Reste surtout une chose que même une déroute de la France à la coupe du monde de football ne remet heureusement pas en cause : nos concitoyens (tous les sondages le montrent) sont attachés au message de solidarité internationale d’Oxfam en direction des populations les plus pauvres de la planète. Encore faut-il que ces sujets fassent l’objet d’un minimum d’attention.
C’est vrai, en particulier, pour un sujet sur lequel nous serons particulièrement vigilants cette semaine : opportunité historique et enjeu majeur, le Président Sarkozy portera-t-il bien au G8 et au G20 une position forte en faveur d’une taxe sur les transactions financières avec un mandat clair pour financer la lutte contre les changements climatiques et contre la pauvreté ?
La France et la lutte contre la pauvreté
Au Canada, le Président français devra également réaffirmer les engagements de la France en matière de lutte contre la pauvreté dans le monde, et proposer, avec les autres chefs d’état, un plan d’action pour rattraper le retard pris sur les promesses faites en 2005 à Gleneagles d’augmenter l’aide internationale de 50 milliards de dollars d’ici à 2010.
A un an du G8 et du G20 en France, nous refusons de croire que la seule refonte des enceintes footballistiques françaises soit en tête des priorités de la France dans le monde.
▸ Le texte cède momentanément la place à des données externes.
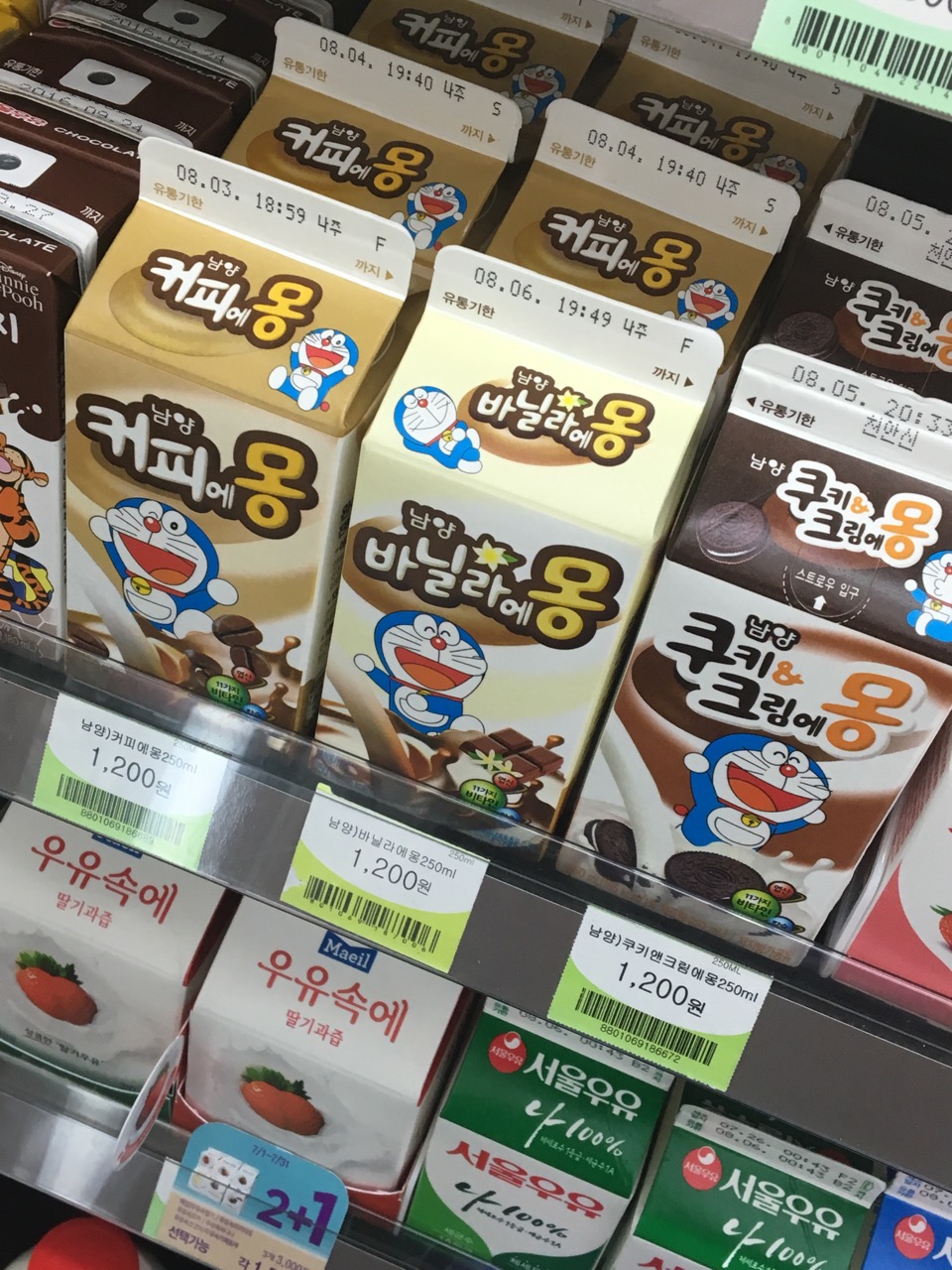 韩国便利店里真的有好多好吃的!喝的更是对我口味!!除了大家都很喜欢的香蕉牛奶,巧克力牛奶更是我的爱❤
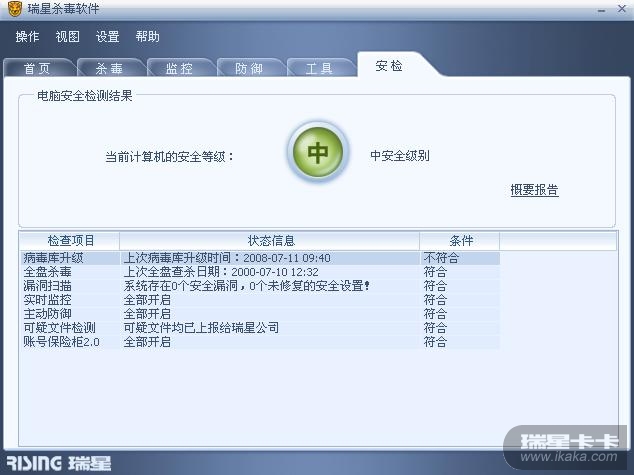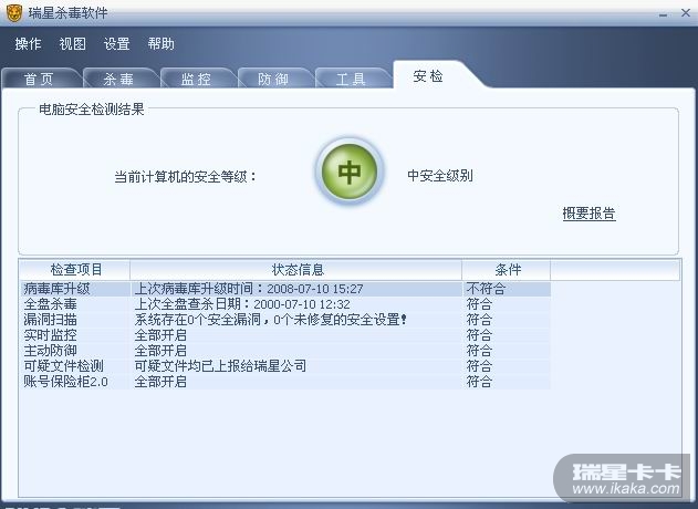 系统时间正确啊,我的瑞星也升级到最新版本,这一项不能做到符合吗?
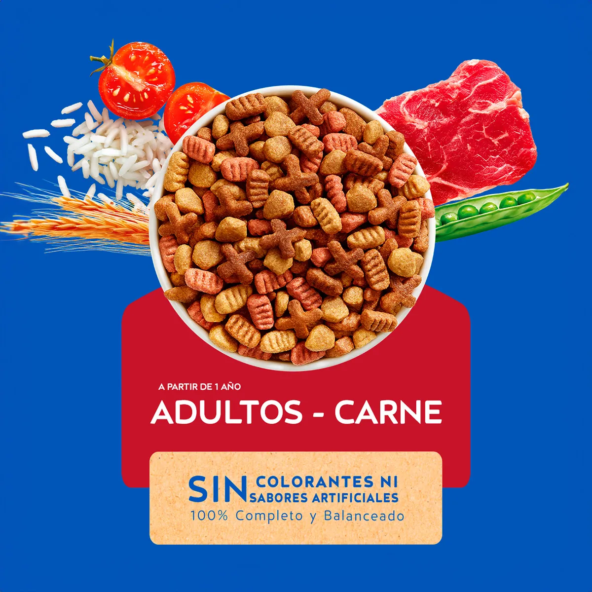 Maíz, concentrado proteico de maíz, harina proteica de pollo harina de carne y hueso (vacuno y/o porcino), harina de pescado y/o harina de alga (schizochytrium ssp.) como fuente de ácidos grasos omega 3, trigo, harina de soya y/o concentrado proteico de soya, grasa (vacuna y/o porcina y/o avícola y/o pescado y/o vegetal) estabilizada con antioxidantes (bht) como fuente de omega 6, pirofosfato tetra sódico (tspp), arroz, hidrolizado a base de hígados de pollo y/o cerdo, tomate deshidratado, arveja deshidratada, sal, cloruro de potasio, ácido fosfórico y/o bisulfato de sodio, carbonato de calcio y/o fosfato bicálcico, vitaminas [a, b1, b2, b3, b5, b6, b7, b9, b12, c, d3, e, k3], cloruro de colina, inulina (prebiótico), aminoácidos (lisina, metionina, taurina), minerales [sulfato de zinc, proteinato de zinc, sulfato de hierro, proteinato de hierro, sulfato de manganeso, proteinato de manganeso, sulfato de cobre, proteinato de cobre, yodato de calcio, selenito de sodio, proteinato de selenio], colorantes naturales (caramelo, carmín), levadura seca de cervecería (saccharomyces cerevisiae ssp.).
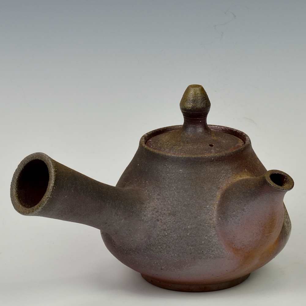 横手急須(左利き用)。木村庸祐によってろくろで作られ、作品の底には作家のサインが入っています。登り窯で赤松の割り木だけを使い、約2週間焼き締められました。釉薬は全く使われておらず、土と炎から生み出される自然の色をお楽しみください。急須: 幅約18cm, 直径11cm, 高さ約12cm, 約360ml 程入ります。備前焼は一点一点手作りのため、焼けや風合いが異なることが多少ございます。どうぞご了承ください。

Mais, comme on n’est jamais trop prudent, pour qu’enfin notre pays puisse porter dans le monde un message fort de solidarité internationale avec les populations les plus pauvres de la planète, il nous faut maintenant espérer que l’an prochain les prochains G8 et G20 ne tomberont pas pendant la finale de la coupe de la Ligue ou le concours de l’Eurovision. On ne sait jamais.